Step 3: Export to Flat MP4
After reframing, export to a standard format:
| Setting | Recommended | Notes |
|---|---|---|
| Resolution | 1920×1080 or 3840×2160 | 4K from 5.6K source preserves detail |
| Frame rate | Match source (30 or 60) | Don't down-convert at this stage |
| Codec | H.264 or HEVC | H.264 for compatibility, HEVC for size |
| Bitrate | 25-60 Mbps for 4K | 12-25 Mbps for 1080p |
| Container | MP4 | Universal compatibility |
For YouTube delivery: 4K H.264 at 35-50 Mbps. For social media: 1080p H.264 at 16-22 Mbps. Our video compressor handles the final compression step.

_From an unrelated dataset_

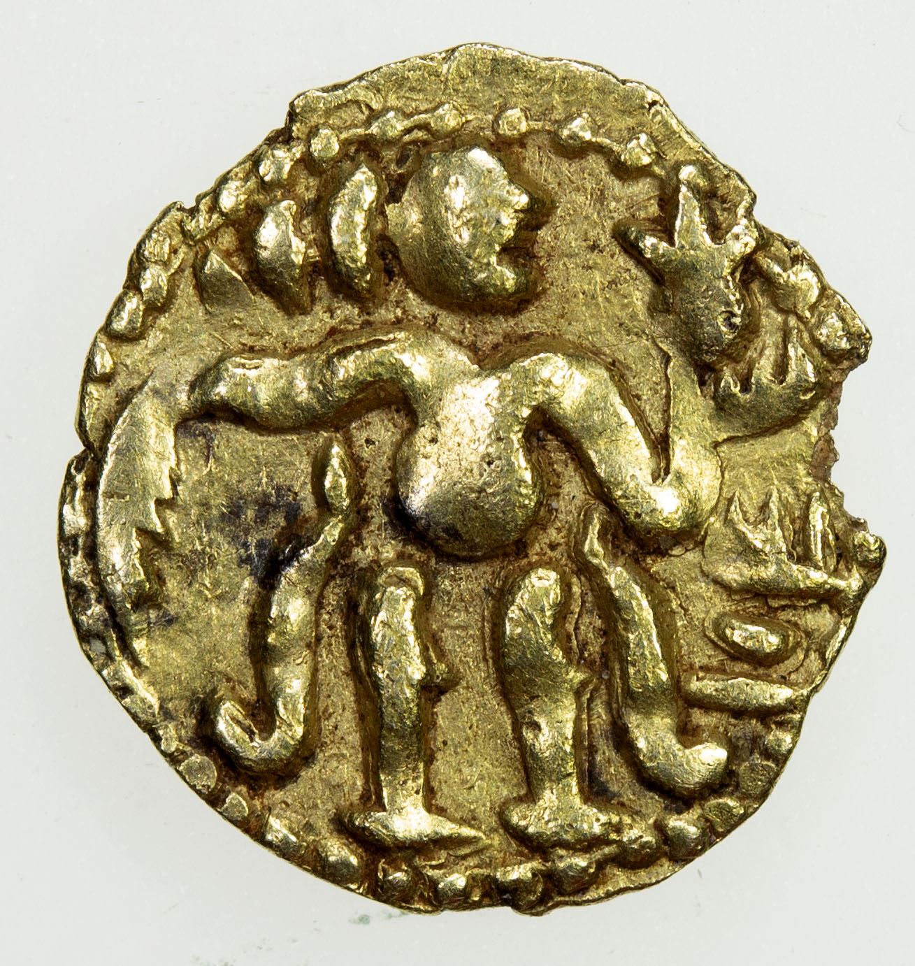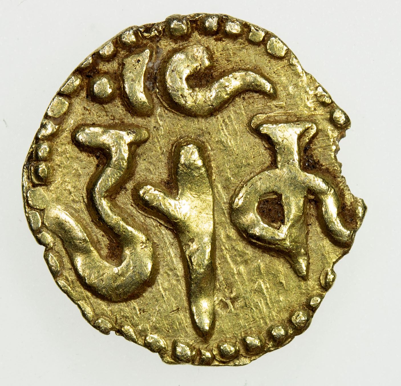 CEYLON (MEDIEVAL): Anonymous, 10th-11th century, AV aka (1/8 kahavanu) (0.48g), Mitch-828/30, Vishnu standing right // conch shell over inscription, bold EF.

The "Tiny Planet" and "Fisheye" Looks
Beyond standard reframing, 360 footage can be re-projected as:
- Tiny Planet (Stereographic): the sphere is projected as a small circular planet at the bottom of the frame
- Fisheye: a hemispherical view with curved edges
- Equirectangular: the unfolded panoramic view
- VR (180 or 360): kept spherical for headset viewing
Each projection is a different mathematical mapping of the sphere onto a flat frame. GoPro Player and Insta360 Studio support all four. For social media, tiny planet is a popular look for travel content. For drone-replacement shots, fisheye creates a wide-angle aesthetic.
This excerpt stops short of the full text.